You’re sittin’ there with your hot chocolate gettin’ in the Christmas Spirit. Happy to be done with finals, ya turn on Netflicks, holiday selection- of course- and click through. Unsuspectingly you click on a Rom-Com holiday film, settle in and watch. When its all over you are not filled with Christmas Cheer, rather with the “bah humbug” sorrow and rage- as if you needed a reminder that your Christmas ends with driving your mom home after her generous indulgence in eggnog, not with a perfect moment ending under the mistletoe. You have been hoodwinked into watching a Romantic Comedy, Rom Com, a Chick Flick disguised as a Christmas film. Consequently, it has come to my attention that some newbie singletons most likely have no idea what films to avoid in the midst of a Christmas breakup. My Christmas Gift To You, weeding out the Rom-Com Christmas Imposters:
1. Love Actually
Here we have a mini-series of “love” happening from a Middle School Kid to the Prime Minister of England; Even the girl with the picture perfect wedding get’s the godd**n love serenade by the husband’s best friend-Oh and a man that learns a whole new language for another woman. Bahaha. No, Not a Christmas Movie, just one that will tear your heart out. It’s a producer that wanted to make sure this chick-flick got profits by being repeated once a year on Cable TV networks. Bah HumBug to you, you greedy bastard.
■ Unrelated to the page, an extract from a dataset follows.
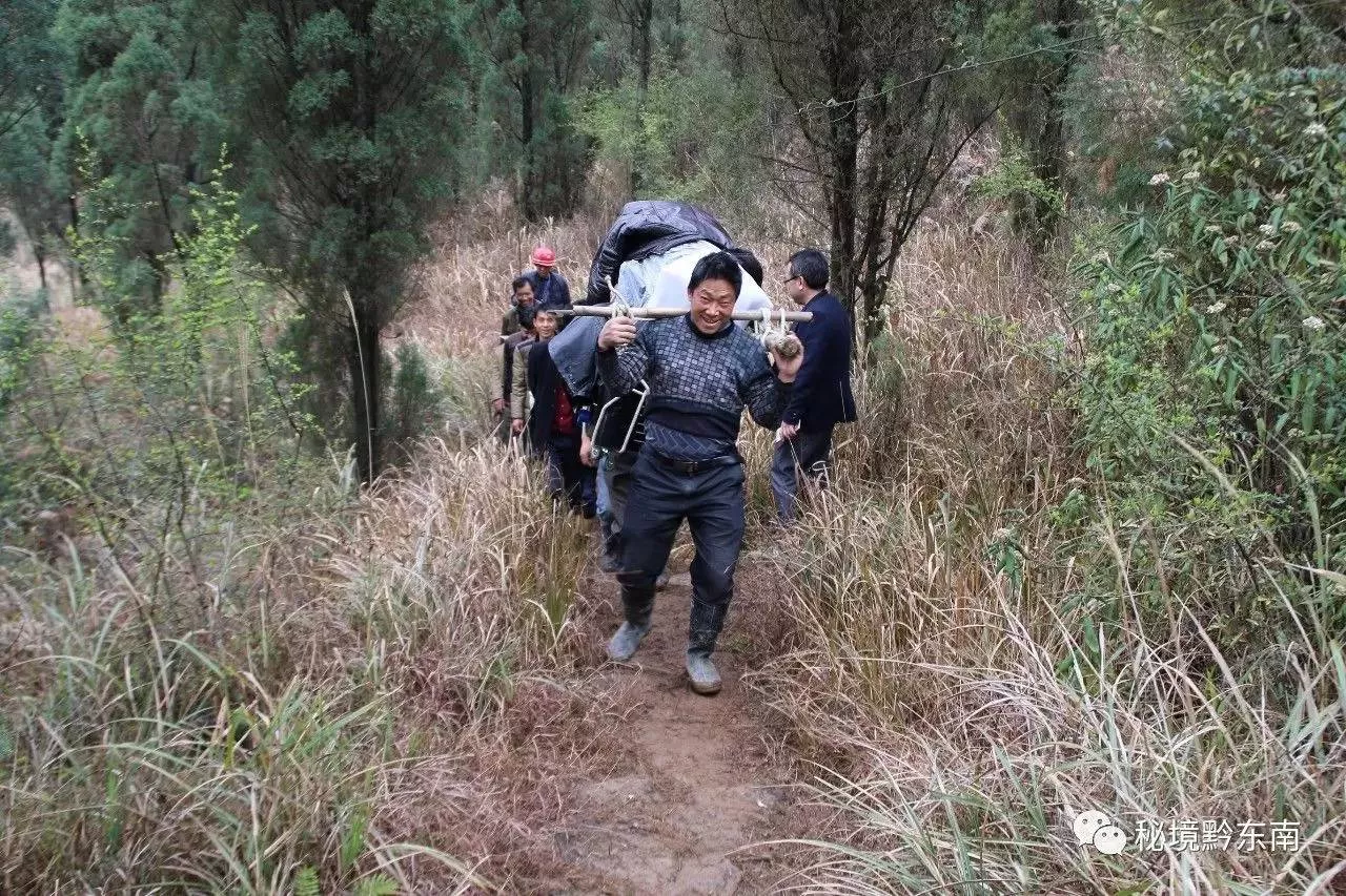 施工所需要的材料均只能由工人一步步的背上山

2. Anything from the Lifetime Channel
Women with fatal diseases, living in the worst place, at the worst time, magically turn into princesses of unknown, un-pronounceable countries in the span of a week to 25 days before Christmas. Just in time for the first snowfall where they announce they are pregnant with their first child, mostly likely after they received news in the recent past that they were barren- Christmas Miracle! Using Christmas to diversify your movie collection Lifetime? An eye-roll and a flip of the channel for you, ya filthy animal.
3. The Holiday
Two single women switch homes for the holidays to run away from their problems; only to find the solutions in each other’s country. There is No Santa. No elves. No goal to have more Christmas Cheer. This could have been done over a Summer Vacation. Instead of a Christmas miracle solving their problems, it’s their active attempt to run away from them. Bravo. Not only is it not a Christmas movie, it promotes all the wrong solutions.
4. The Family Stone
The boyfriend brings the uptight girlfriend (Sarah Jessica- Parker) to his Family Christmas. However, Uptight falls in love with his (the boyfriend’s) relaxed brother, while his jaded-single sister get’s it on with her high-school sweat-heart and oh wait, the shmuck brother who brought the uptight girlfriend falls in love with her sister. BAM. Merry Christmas everyone is happy, no hearts broken. The painful issue with this movie is the dysfunction of the family makes it seem realistic. Which only leaves you past the mood swing of the Grinch and more towards a suicidal Frosty – the snowman hanging out in the Sun.
The only man that people are waitin’ for in a Christmas movie is Santa. Not Jude Law. Somehow we went from getting fight or flight adrenaline levels of excitement over a wrapped package to casually typing a Christmas list e-mail to our parents. We have lost all that is good about the Christmas spirit: You get to be a kid again. You get to believe in the magic, the grandeur impossibility about a man who swigs milk, chimney hops and has a sleigh with a red-nosed reindeer leading the way. Some stocking-stuffer advice: Watch Elf, The Santa Clause, Home Alone, A Christmas Story! At the end of a Christmas film you are left ready to board the Polar Express, dance with sugarplum fairies and watch the northern lights glimmer. And who knows? Maybe you’ll find yourself caught under some mistletoe with the childish belief that anything is possible. Welcome to the club newbie – little did you know that being single could give you a night worth your while.